Is the same as the previous attention model; But the third part


It is not only the embedding produced by the last time step, but also splices with a selective Read vector. This vector is actually calculated in a similar way to the attention mechanism, which calculates the position related information of the decoder and the hidden layer state of each time step of the encoder. Provides information for the subsequent copy-mode.

Generate-mode and copy-mode in the upper right of Figure 3 are two probability calculation formulas for generating keyword text. The generate-mode on the left is the same as that of the classical model. Copy-mode calculates the probability of generating each word from the source sequence, and the sum of the two probabilities is


The probability of the target word of the position is shown in the formula.


Note that g and C in the formula represent two generation modes respectively. And g and C are calculated in the same way as the generated words


It is related to the relationship between two thesaurus V and X (source text thesaurus), which is clearly described in Figure2 in the original text and will not be repeated here.

Fourthly, the significance of Copying mechanism model in keywords extraction of game text

It can be seen from the above description that if one of the important keywords in a text is not one of the high-frequency words in the whole training set or in Vocabulary, then it is possible to solve this problem better by Copying directly from the original text in a situation where traditional attention-seq2seq is unable to do so. At the same time, as a classical generation model, compared with Textrank and other methods, it adds a lot of knowledge learned from thousands of training corpus, which can balance the advantages of “extraction” and “generation” models.

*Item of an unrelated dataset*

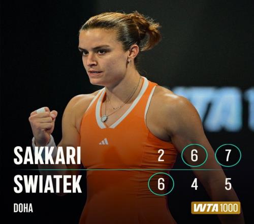 体育播报02月13日宣 WTA1000多哈站1/4决赛,萨卡里以2-6 6-4 7-5逆转三届赛会冠军、头号种子斯瓦泰克,终结了对后者的四连败。希腊名将本周击败两位世界前十,职业生涯第三次闯入赛会四强,也继2024年印第安维尔斯站之后再进1000赛四强(总第11次)。

Let’s close with a simple example.

In League of Kings, the 5V5 match is popular among many players. Players can match by themselves or invite friends to open the game together. In 5V5, it is not individual show operation that can control the whole game, but more tacit cooperation between teams. Reasonable lineup collocation, clear division of labor on the battlefield, players of the hero’s operation skills…… (excerpts)

GroundTruth: 5V5 King Valley; League of Kings; A novice

Seq2Seq with Copying Mechanism (Top5)

TextRank (Top5)

1. King Academy

hero

2. The League of Kings

2. The enemy

3. 5V5 King’s Canyon

3. To kill

4. A novice

4. His teammates

5. 5V5 League of Kings

Development of 5.

  1. 1. Kings college
  2. hero
  3. 2. King union

2. The enemy

  1. 3. 5V5 King’s Canyon

3. To kill

  1. 4. A novice

4. His teammates

  1. 5. 5v5 league of Kings

Development of 5.

According to the test set, the Seq2Seq method based on DNN is 4% higher than TextRank P1@5, 8% higher than R1@5 and 5.4% higher than F1@5, which preliminatively proves the effectiveness of this method.

Next, the performance of keyword extraction needs to be further improved from data and model levels, and the robustness of results can also be increased from the perspective of ensemble of multi-model results.